Very nicer release from JazzHouse European series:

Julian "Cannonball" Adderley arrived in New York from Tallahassee in the 1950s, where he had a job on his hands to play his way out of the shadow of Charlie Parker – a major challenge for any alto saxophonist of the day. But the move worked. Before long, Miles Davis had brought him into his quintet to play alongside Coltrane, and in 1958 Adderley was offered a chance by Alfred Lion to record an album under his own name. Something Else is arguable the best Blue Note album of all time. The following year, Adderley achieved immortality with Kind of Blue.

After splitting with Miles, he brought his brother Nat into the band as a trumpeter and cornetist and embarked on the helter-skelter life of a gigging musician. Throughout the decade when pop ruthlessly swept jazz aside, the brothers managed to stay in business with their distinctive “spirit of the south” – an optimistic, life-affirming style of modern jazz, bursting with colour yet steeped in the blues. “When we have a hit going for us,” Julian once said, “people may come in the club just to hear that number. But once they're inside, we have no trouble getting them interested in everything we do.”
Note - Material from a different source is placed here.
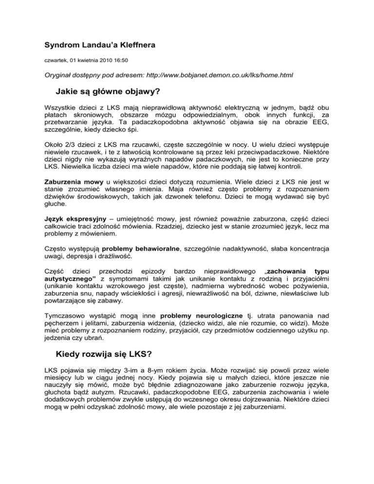 Syndrom Landau’a Kleffnera czwartek, 01 kwietnia 2010 16:50 Oryginał dostępny pod adresem: http://www.bobjanet.demon.co.uk/lks/home.html Jakie są główne objawy? Wszystkie dzieci z LKS mają nieprawidłową aktywność elektryczną w jednym, bądź obu płatach skroniowych, obszarze mózgu odpowiedzialnym, obok innych funkcji, za przetwarzanie języka. Ta padaczkopodobna aktywność objawia się na obrazie EEG, szczególnie, kiedy dziecko śpi. Około 2/3 dzieci z LKS ma rzucawki, częste szczególnie w nocy. U wielu dzieci występuje niewiele rzucawek, i te z łatwością kontrolowane są przez leki przeciwpadaczkowe. Niektóre dzieci nigdy nie wykazują wyraźnych napadów padaczkowych, nie jest to konieczne przy LKS. Niewielka liczba dzieci ma wiele napadów, które nie poddają się łatwej kontroli. Zaburzenia mowy u większości dzieci dotyczą rozumienia. Wiele dzieci z LKS nie jest w stanie zrozumieć własnego imienia. Maja również często problemy z rozpoznaniem dźwięków środowiskowych, takich jak dzwonek telefonu. Dzieci te mogą wydawać się być głuche. Język ekspresyjny – umiejętność mowy, jest również poważnie zaburzona, część dzieci całkowicie traci zdolność mówienia. Rzadziej, dziecko jest w stanie zrozumieć język, lecz ma problemy z mówieniem. Często występują problemy behawioralne, szczególnie nadaktywność, słaba koncentracja uwagi, depresja i drażliwość. Część dzieci przechodzi epizody bardzo nieprawidłowego „zachowania typu autystycznego” z symptomami takimi jak unikanie kontaktu z rodziną i przyjaciółmi (unikanie kontaktu wzrokowego jest częste), nadmierna wybredność wobec pożywienia, zaburzenia snu, napady wściekłości i agresji, niewrażliwość na ból, dziwne, niewłaściwe lub powtarzające się zabawy. Tymczasowo wystąpić mogą inne problemy neurologiczne tj. utrata panowania nad pęcherzem i jelitami, zaburzenia widzenia, (dziecko widzi, ale nie rozumie, co widzi). Może mieć problemy z rozpoznaniem rodziny, przyjaciół, czy przedmiotów codziennego użytku np. jedzenia czy ubrań. Kiedy rozwija się LKS? LKS pojawia się między 3-im a 8-ym rokiem życia. Może rozwijać się powoli przez wiele miesięcy lub w ciągu jednej nocy. Kiedy pojawia się u małych dzieci, które jeszcze nie nauczyły się mówić, może być błędnie zdiagnozowane jako zaburzenie rozwoju języka, głuchota bądź autyzm. Rzucawki, padaczkopodobne EEG, zaburzenia zachowania i wiele dodatkowych problemów zwykle ustępują do wczesnego okresu dojrzewania. Niektóre dzieci mogą w pełni odzyskać zdolność mowy, ale wiele pozostaje z jej zaburzeniami. Jak wygląda leczenie LKS? Leki przeciwpadaczkowe stosowane są w leczeniu rzucawek, ale często, na dłuższą metę, nie normalizują padaczkopodobnego EEG. Sterydy, stosowane wystarczająco wcześnie i przez dość długo, poprawiają obraz EEG i pozwalają na odzyskanie zdolności mowy. Dla dzieci, które nie reagują na sterydy, szanse powodzenia oferowane są przez nową procedurę chirurgii mózgu. Odpowiednia terapia mowy i języka, oraz specjalna edukacja odgrywają w przypadku tych dzieci bardzo ważną rolę. Przy niewielkim rozumieniu języka lub jego całkowitym braku, dzieciom należy wystarczająco wcześnie przybliżyć język migowy. Kształcenie winno odbywać się w specjalnej klasie lub szkole dla dzieci z poważnymi zaburzeniami mowy i języka (lub, jeśli nie jest to możliwe, w szkole dla dzieci głuchych). Co powinienem zrobić jeśli sądzę, iż dziecko może mieć LKS? Poproś lekarza o skierowanie na EEG. Powinno to być EEG wykonane w trakcie snu, jako iż wzór LKS może nie ujawnić się, kiedy dziecko jest obudzone. Poproś o skierowanie do pediatry neurologa – pamiętaj LKS to rzadkie zaburzenie. Wielu doświadczonych pediatrów i neurologów nigdy wcześniej nie spotkało się z takim przypadkiem. Poproś o skierowanie do kliniki lub lekarza mającego doświadczenie z LKS. Wczesna diagnoza i szybkie leczenie mogą poprawić szanse dziecka na pełne wyzdrowienie. Zapytaj, czy jest terapeuta mowy, psycholog czy inny specjalista w swojej dziedzinie, który ma doświadczenie z LKS, i z którym mogłabyś porozmawiać. Aby uzyskać dalsze informacje i porady, skontaktuj się z grupą wsparcia rodziców dzieci z LKS (FOLKS) nr rej. 1059499 (UK) Folks mogą dostarczyć ci dalszych informacji na temat leczenia, specjalnej edukacji, i skontaktować cię z rodzinami dzieci z LKS. Oryginalna wersja na stronie: htt://nidcd.nih.gov/health/voice/landklfs.asp Co to jest? LKS to dziecięce zaburzenie. Główną jego cechą jest stopniowa lub nagła utrata umiejętności rozumienia i używania języka mówionego. Wszystkie dzieci z LKS mają nieprawidłowe elektryczne fale mózgowe, które mogą zostać udokumentowane na elektroencefalogramie (EEG), zapisie elektrycznej aktywności mózgu. Około 80 % dzieci z LKS ma jeden lub kilka napadów padaczkowych, które zwykle pojawiają się w nocy. Zaburzenia zachowania takie jak nadaktywność, agresywność, depresja może także towarzyszyć temu zaburzeniu. LKS może zostać nazwane infantylną nabytą afazją, nabytą afazją epileptyczną lub afazją z zaburzeniami konwulsyjnymi. Ten syndrom został po raz pierwszy opisany w 1957 roku przez dr William’a Landau’a i dr Frank’a Kleffner’s, którzy zidentyfikowali 6-o dzieci z tym zaburzeniem. Jakie są objawy LKS? LKS pojawia się najczęściej u prawidłowo rozwijających się dzieci między 3-im i 7-ym rokiem życia. Bez żadnego widocznego powodu, dzieci te zaczynają mieć kłopoty ze zrozumieniem tego, co się do nich mówi. Lekarze często opisują ten problem jako słuchową, agnozyjną „głuchotę na słowa” Głuchota słuchowa może rozwijać się powoli lub bardzo szybko. Rodzice często myślą, iż dziecko ma problemy ze słuchem lub nagle ogłuchło. Testy słuchowe, jednakże, wykazują prawidłowy słuch. Dzieci mogą również

In 1969 Julian set out on a European tour with brother Nat, Joe Zawinul, the dynamic bassist Victor Gaskin and the energetic Roy McCurdy on drums. One of the quintet’s guest appearances was in Stuttgart. Even during the sound check the musicians seemed to sense the Liederhalle’s unique atmosphere, for that evening’s concert would be the highlight of the tour. From soul and blues (Sweet Emma, Oh Babe), to free-form contemporary (The Painted Desert), and lollipops cleverly combined with commercialism (Work Song), the audience that night witnessed the sublime art of the quintet – never mind that this classic bebop formation was already on the wane.

And then there was Zawinul! If anything, it was his concert. Jet-black at the keyboard in his version of Why Am I Treated So Bad by the Staples Singers; swinging and quirky at the piano (Rumpelstiltskin, The Painted Desert), he was like a kobold stoking the fire, as if trying to shake of the hypnosis that had gripped him a month earlier while recording In A Silent Way.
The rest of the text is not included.